Few-shot learning (FSL) aims to recognize new categories given limited training samples. The core challenge is to avoid overfitting to the minimal data while ensuring good generalization to novel classes. One mainstream method employs prototypes from visual feature extractors as classifier weight and the performance depends on the quality of the prototype. Since different categories may have similar visual features, the visual prototype has limitations. This is because existing methods only learn a simple visual feature extractor during the pre-training stage but neglect the importance of a well-developed feature space for the prototype. We introduce the Semantic Enhanced Visual Prototype framework (SEVpro) to address this issue. SEVpro refines prototype learning from the pre-training stage and serves as a versatile plug-and-play framework for all prototype-based FSL methods. Specifically, we enhance prototype discriminability by transforming semantic embeddings into the visual space, aiding in separating categories with similar visual features. For novel class learning, we leverage knowledge from base classes and incorporate semantic information to elevate prototype quality further. Meanwhile, extensive experiments on FSL benchmarks and ablation studies demonstrate the superiority of our proposed SEVpro for FSL.

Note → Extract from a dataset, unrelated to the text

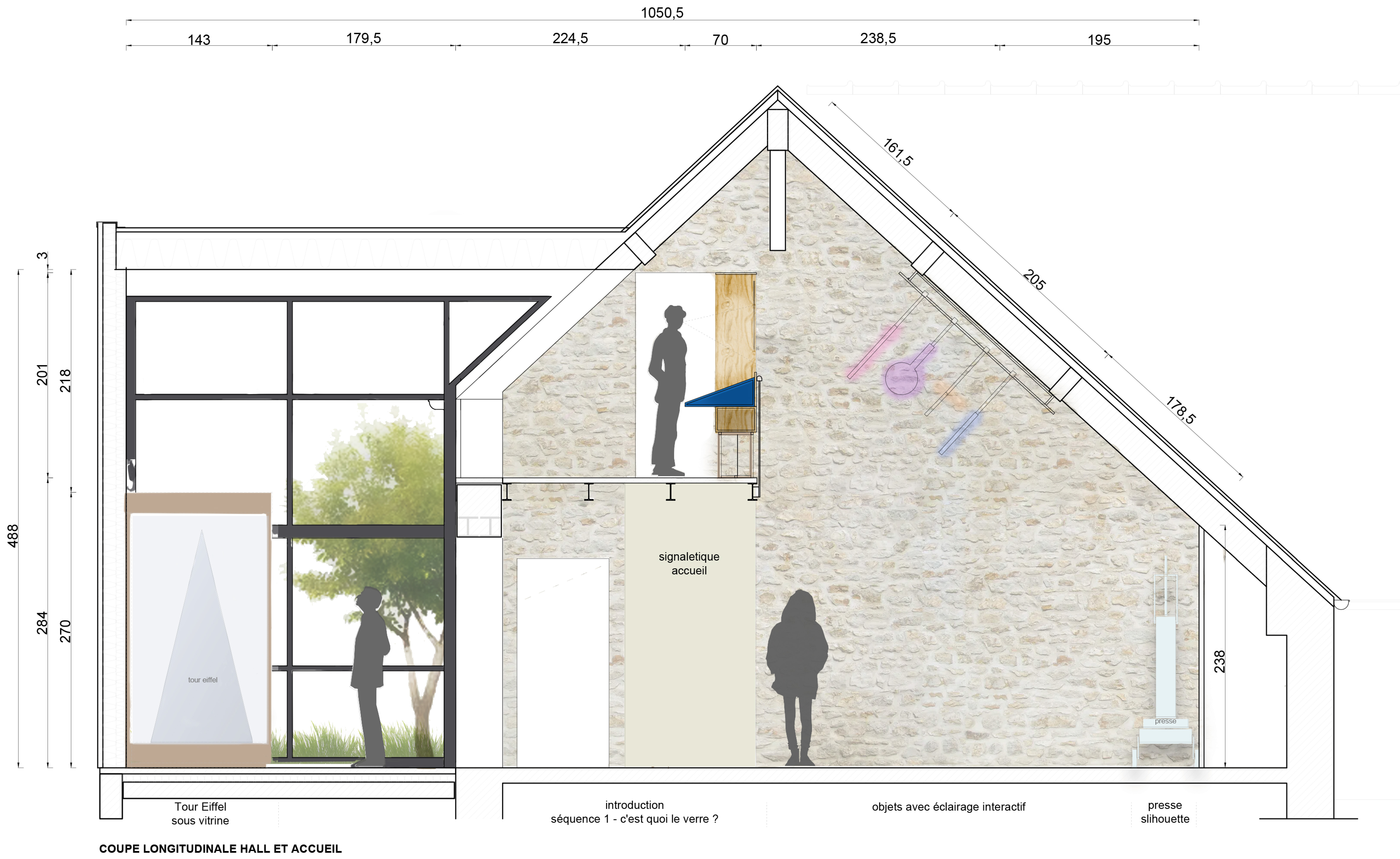 Le Musée est enfin un espace architectural que la scénographie a investi pour en révéler les volumes, sans intrusion structurelle, préservant le caractère dual du bâtiment entre grange fermière associé à des extensions contemporaines. La scénographie dans cette écriture duale s’inspire de la préciosité du souvenir et du verre et de l’esthétique industrielle des usines pour offrir au nouveau parcours permanent un écrin propice à la découverte de ce patrimoine fragile.

IJCAI Conference 2023 Conference Paper

Lifelong Multi-view Spectral Clustering

  • Hecheng Cai
  • Yuze Tan
  • Shudong Huang
  • Jiancheng Lv

In recent years, spectral clustering has become a well-known and effective algorithm in machine learning. However, traditional spectral clustering algorithms are designed for single-view data and fixed task setting. This can become a limitation when dealing with new tasks in a sequence, as it requires accessing previously learned tasks. Hence it leads to high storage consumption, especially for multi-view datasets. In this paper, we address this limitation by introducing a lifelong multi-view clustering framework. Our approach uses view-specific knowledge libraries to capture intra-view knowledge across different tasks. Specifically, we propose two types of libraries: an orthogonal basis library that stores cluster centers in consecutive tasks, and a feature embedding library that embeds feature relations shared among correlated tasks. When a new clustering task is coming, the knowledge is iteratively transferred from libraries to encode the new task, and knowledge libraries are updated according to the online update formulation. Meanwhile, basis libraries of different views are further fused into a consensus library with adaptive weights. Experimental results show that our proposed method outperforms other competitive clustering methods on multi-view datasets by a large margin.